After entertaining the audience on the big screen, Apoorva Lakhia will continue to do so on the OTT platform. The director’s debut web series Crackdown, an espionage action drama, will stream on Viacom18’s subscription-based streaming offering, Voot Select. During the launch of the series in Mumbai, Apoorva said that Suresh Nair and Chintan Gandhi had approached him with the script, which was ‘really good’.
The series stars Saqib Saleem, Iqbal Khan, Waluscha De Sousa, Shriya Pilgaonkar and others. “We got into the drawing board who we wanted. We have got really interesting cast and that makes the show interesting because you haven’t seen these kind of people together,” said Apoorva, when we caught up with him. “We had a very good star cast in their own space, some experienced and some inexperienced,” he added.
An espionage action drama is most enjoyed on the big screen. Did he adapt it in a way so that people can enjoy it on their mobile screen too? “Honestly, I did not think that way because I have shot the entire thing like a movie. I do not know any other way to shoot because the equipment, actors and shot taking is very much the same. The only difference is that you, along with the actors, have to be extremely well prepared because you do not have the time to muck around on the set. So, I requested them to do script reading so they were well prepared, we did rehearsals, the action scenes were choreographed, so on the set, we went and shot,” he said.
The biggest challenge for him was to make two-and-a-half movies in the period of one. “I have made films like Shootout at Lokhandwala and others, which I have shot in 55 days. Shooting this series with 123 characters in the same amount of time was a task,” he said.
When it comes to making projects for the web, the budget is still very less. Apoorva too had to face this challenge. “People are still experimenting and I really had to fight for the budget. It was impossible for me to shoot it in that kind of a budget. Thankfully, they understood my point,” he said, adding, “That said, as a creative person, nothing is enough. When you are doing an action scene, instead of one car, you want five.
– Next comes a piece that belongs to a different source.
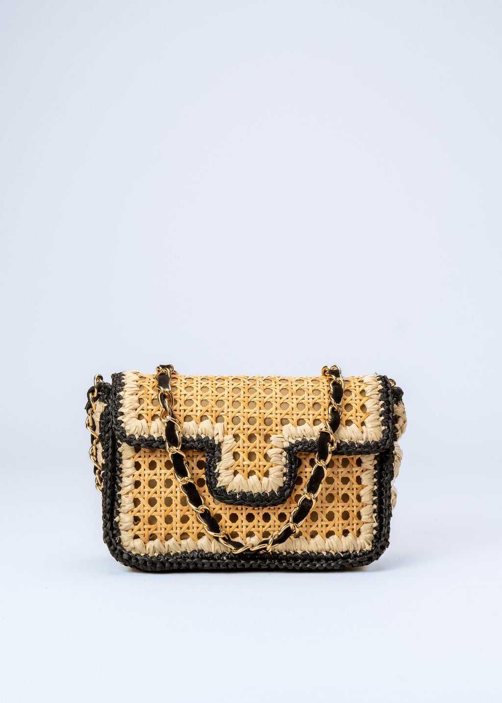 RAISSA - BORSA BURRO E NERA IN RAFIA NATURALE

You have to control that and see what is practical.”
For a content creator, the OTT platform is an exciting medium because there’s ‘no censorship’. However, Apoorva said that he didn’t take any kind of liberty while making the series. “There is no sex or anything of that sort. I make pretty clean films. My mom is pretty particular about the kind of cinema I make because I come from an extremely conservative Gujarati family. I get phone calls if the dialogues are not appropriate or are disrespectful towards women,” he said.
The only problem he had with the Censor Board in the past was when it asked him to curb violence. “For the Censor Board, violence means blood and there’s hardly any blood in this series,” he added.
The filmmaker believes that for cinema to be well received on any platform the writing has to be good. “I do understand that it’s a star based industry but if the writing is not good, then the product is not good enough and it doesn’t matter how big the actor is. On the web space too, the writing has to be good because there is so much content around. You have to keep the viewers hooked with your writing,” he said, adding, “Also, while making a web series, you have to think about how to end your series so that people will come back for the second season. The ending is very important and a lot of thought needs to go into it.”
Apoorva has directed films inspired by real life and fiction. When asked how he chooses the stories, he said, “Anyway, I am a lazy director and I make one movie every three-and-a-half years. I do not worry whether they will do well or not, as long as someone believes in them and agrees to invest in my talent. The reason I have done more real-life drama is because I find it more exciting to research,” said the director who has directed films like Mumbai Se Aaya Mera Dost, Ek Ajnabee, Mission Istaanbul, Zanjeer and Haseena Parkar.
He likes grey characters because everyone is grey. “If someone tells you that one is all white or black, it’s not possible,” said the director before signing off.